XML is a special file format because these file types can have theoretically an unlimited number of structure types. The input data has two simple options that basically determine at which node level a new record is created. Use root node uses the complete XML file as a single Source Record. The XML nodes option list all the node. Choosing one creates a new delimiter every time that a node is encountered.

The information contained in all of the selected parent nodes will be copied for each instance of that node. For example, if a client node contains multiple invoice nodes, the information for the client node can be duplicated for each invoice.
  • Use root element: Locks the XML Elements option to the top-level element. If there is only one top-level element, there will only be one record before the Boundaries are set.
  • XML elements: Displays a list containing all the elements in the XML file. Selecting an element causes a new page of data to be created every time an instance of this element is encountered.

The Boundaries

When the Data Source is received by the DataMapper, it has no boundaries to tell the DataMapper if it contains different records or where each of those records begins and ends. This is because boundaries are not actual bits of data (like a character or a field would be). Boundaries are a logical structure outside the Data Source (note that some formats like PDF/VT actually include structured information, but those are the exception rather than the rule). Boundaries are therefore a form of metadata. You could very well use the exact same data with a different boundary structure in order to extract different information. Think, for instance, of an Invoice Run stored in a PDF. You can use a structure where each invoice is a single record or you could group all invoices for one customer into a single record.
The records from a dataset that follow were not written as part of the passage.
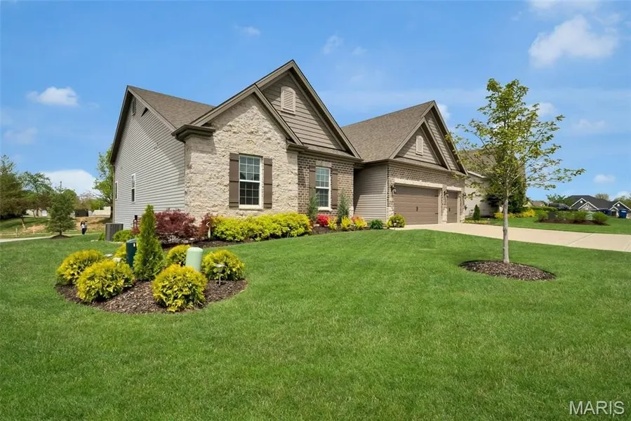 Life’s better when your home gives you room to gather, celebrate & relax—this 4,600 sqft ranch does it all. Just move in & enjoy everything it offers! Spend weekends your way: browse the LSL Farmers & Artists Market, stroll downtown Cottleville, wander Quail Ridge Park, relax at Veterans Honor Park, enjoy the Streets of St. Charles, or soak in Historic Main Street in Old Town St. Charles. This 7-year-young former display ranch has 2,500 sqft on the main level plus 2,100 sqft in the finished lower level. A soaring foyer opens to a Great Room with 10’ ceilings, 8’ doors & a floor-to-ceiling stone fireplace. The open plan flows to formal dining & a gourmet kitchen with massive island, gas range, stainless appliances, marble counters, butler’s pantry, walk-in pantry & main floor laundry. Step out from the breakfast room to a maintenance-free deck—perfect for entertaining or relaxing. The primary suite is a true retreat with spa bath featuring stand-alone tub, oversized shower, dual vanities & his & her walk-in closets. 2 bedrooms share a JnJ bath, an office & powder room complete the main level. Downstairs, the finished lower level is an entertainer’s dream with granite-topped wet bar, rec room, full bath & guest bedroom—while leaving plenty of storage. Extras include a drop zone off the oversized 3-car garage, irrigation system & access to the community pool & clubhouse. Convenient to 364 with quick access to 64/40 & 70.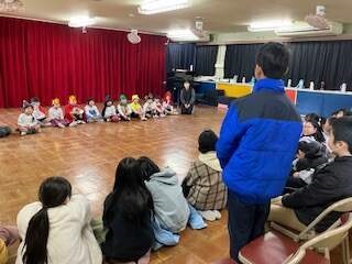 2月20日の劇参観に向けて年長組、年少組共に毎日頑張っています。年少組は『金太郎』のお話です。金太郎や動物になりきってお芝居を楽しんでいますよ。
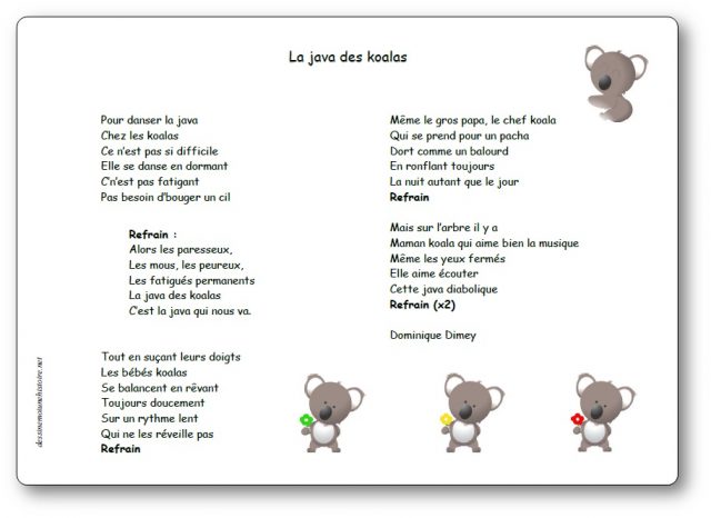 « La java des koalas » est une magnifique chanson de Dominique Dimey qui vous fera danser sur un rythme lent !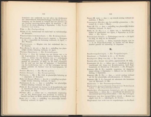 102 kommissie van onderzoek van het adres van direkteuren der Amsterdamsche Kanaalmaatschappij betreffende de over- brugging van het kanaal in verband met het plaatsen van een centraal spoorweg-station alhier, 23 Augustus. — Be- hoort tot de eerste afdeeling, 5 September. — Zie: Voor- stellen van leden. Piijp. — Zie: Paalgording. Pier (J. F.), herbenoemd tot stads heel- en verloskundige, 20 December. Plaatselijke kommandant. — Zie: Kommandant. Plantaadje. — Zie: Mestvaalt, sCHOLTE. -— Woningen in de — ongeschikt ter bewoning verklaard, 13 April. — Zie: WILKING. Plantsoenen. — Klagten over het onderhoud der —, 25 October. 103 Praac (M. van). — Aan — op verzoek ontslag verleend als makelaar, 8 Maart. Praeceptor (Derde), aan het stedelijk gymnasium. — Be- noemd dr. J. ROOS, 8 Maart. R. Raadsvergaderingen. — Zie: Vergaderingen. Raadzaal. — Ventilatie in de —, 25 October. Raampoort (Brug voor de). — Zie: GALMAN. vaarthoogte der brug over Kromboomsloot, hoek Regt- boomsloot, 18 October en 8 November. — Zie: Bruggen. Reederijen (Permanente kommissie uit de amster- damsche). — Adres der — betreffende het plaatsen van een centraal spoorweg-station alhier. — Zie: Spoorwegen. Pras (Erven L. DE LA). — Aan de — ontheffing van plaat- selijke direkte belasting verleend, 13 April. Pains (H. T.). — Aan — ontheffing van plaatselijke direkte belasting verleend, 13 April. RAASING (G.), dienaar van politie, gepensioneerd, 20 Juli. RADEMAKER (B. J.). — Adres van —, betreffende de door- RauusEN (Mr. E. N.), raadslid, toegelaten, 16 Augustus; neemt zitting, 5 September. — Behoort tot de vierde af- deeling, 5 September. Registers van den burgerlijken stand. — Kosten van zegels voor de —, rijksuitgave, 25 October, Pleinen (Openbare). — Zie: Uitstallingen. Prior JR. (J. D.), c.s. — Adres van — betreffende het maken en openhouden van bijten, 5 September en 18 Oc- tober. — Zie: Bijten. RaausEN (Mr. E. N.). — Aan — eervol ontslag verleend als lid der plaatselijke schoolkommissie, 18 October. Reglement van orde voor de vergaderingen van den Raad, Politie. — Over het vestigen van een bureau van — in het Leprozenhuis, 27 Januarij; hiertoe besloten, 19 Oe- tober. — Adres van »de dienaren van —”, verzoekende verhooging van wedde, in handen van Burg. en Weth. gesteld tot preadvies, 19 Julij; op dit stuk overgegaan tot de orde van den dag, 16 Augustus. — Verbouwing van het hoofd-bureau van —, tot het verkrijgen van een lokaal geschikt tot kantoor voor de bouwopzigters, 18 October. Provinciale Staten. — Verkiezingen voor de —, 13 April, 19 Julij, 25 Julij en 20 December. RanuusEN (Mr. J. J.), benoemd tot sekretaris der kommissie voor de Rijnvaart, 17 Mei. Politie (Markt-). — Zie: Markt-politie. Publieke vrouwen. — Adres, houdende klagten over de — in de Pieter-Jacob-straat, in handen van den Burge- meester gesteld tot afdoening, 16 Augustus. Railroute. — Zie: Paardenspoorbaan. Politie (Straat-). — Zie: Straat-politie. Railroute-maatschappij (Algemeene Nederland- sche). — Zie: Paardenspoorbaan. Polituren. — Met 1 Mei 1866 de plaatselijke belasting op — afgeschaft, 20 December. Pook vAN BAGGEN (Wed.). — Aan de — ontheffing van plaat- selijke direkte belasting verleend, 18 April. PopprrBAuM (G. J.). — Aan — ontheffing van plaatselijke direkte belasting verleend, 13 April. Poser (C. E.), benoemd tot leeraar in de hoogduitsche taal en letterkunde aan de hoogere burgerschool met vijfjari- gen kursus, 20 Julij. PouwErs (H.). — Adres van —, verzoekende vergunning om op den Buiten-singel eene houtloots te bouwen, in banden van Burg. en Weth. gesteld tot afdoening, 14 Junij. PoveL (A.). — Aan — ontheffing van plaatselijke direkte belasting verleend, 13 April.

So the boundaries for each record can be completely dependent on how you want to use the data.

With no actual boundary markers inside the data, there needs to be a way to identify specific locations in the input stream and mark those locations as record boundaries. Fortunately, every single file format has intrinsic, natural delimiters that are used to identify chunks of related data. These delimiters are key in helping us identify boundaries, so it is important to understand what they are as well as when and why they occur in the Data Source.
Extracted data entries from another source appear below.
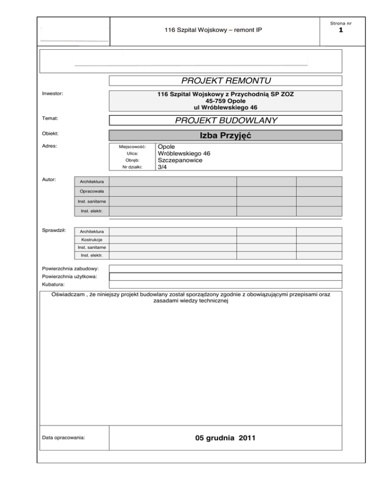 Opis 3 - 116 Szpital Wojskowy z Przychodnią SP ZOZ w Opolu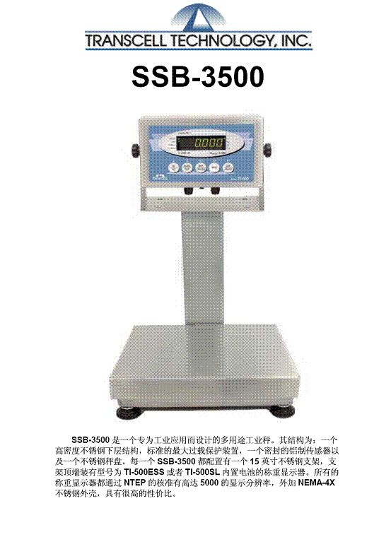 | 產(chǎn)品名稱:Transcell SSB-3500 工業(yè)秤(scales) |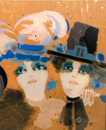 L'opera rappresenta tre figure in maschera, con ampi cappelli e piume.
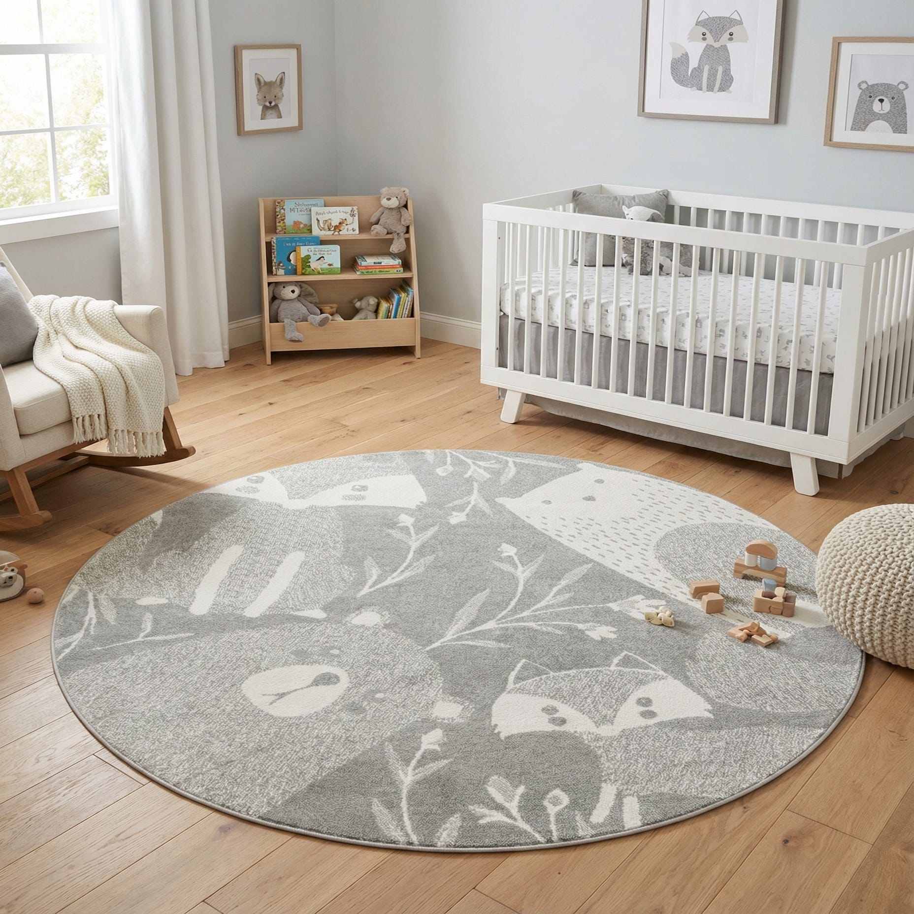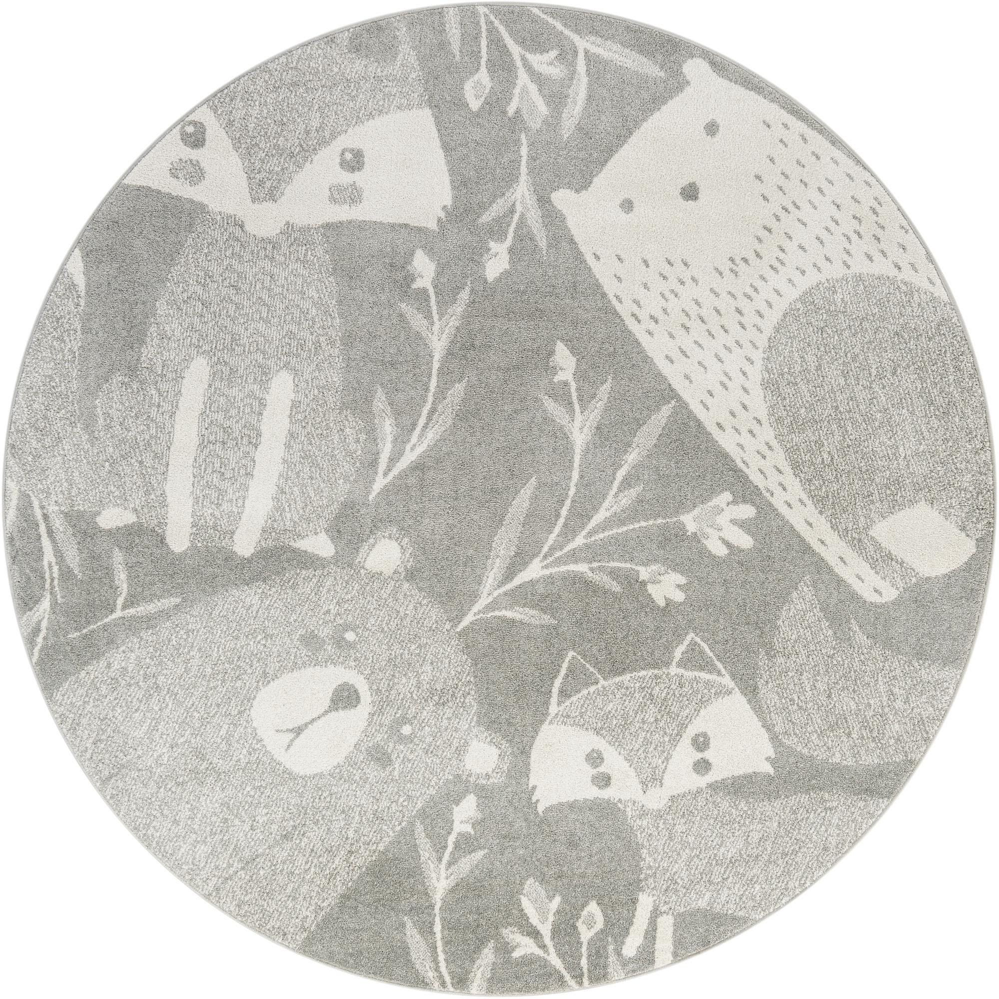 A 7' round gray rug featuring a playful modern design with white bears, foxes, and abstract foliage.

Let's start with a seemingly arbitrary assumption: a boundary can only occur on a natural delimiter. That is to say, a record boundary never occurs between delimiters; it only occurs on a delimiter. The actual information we need to determine whether a delimiter can be a boundary is very likely to be found between delimiters.

For a CSV or Database File

The natural delimiter for a CSV file is a data record, or to put it more visually, each line in a spreadsheet or in a SQL data grid is a delimiter. Several such delimiters can be included in a record, but you would never expect to find the end of one particular record right in the middle of one of these lines in the grid. So the record occurs with a new line in the grid, but not on each new line.

Since database data sources are structured the same way as CSV files, the options are identical to these files. Boundaries will define how many lines appear for each Source Record. This can be a static number of lines or it can be determined based on a field change that will create a new record. For example, this can happen when the customer ID changes. There is also an advanced scripting option to determine boundaries (see Javascript for Boundaries for details).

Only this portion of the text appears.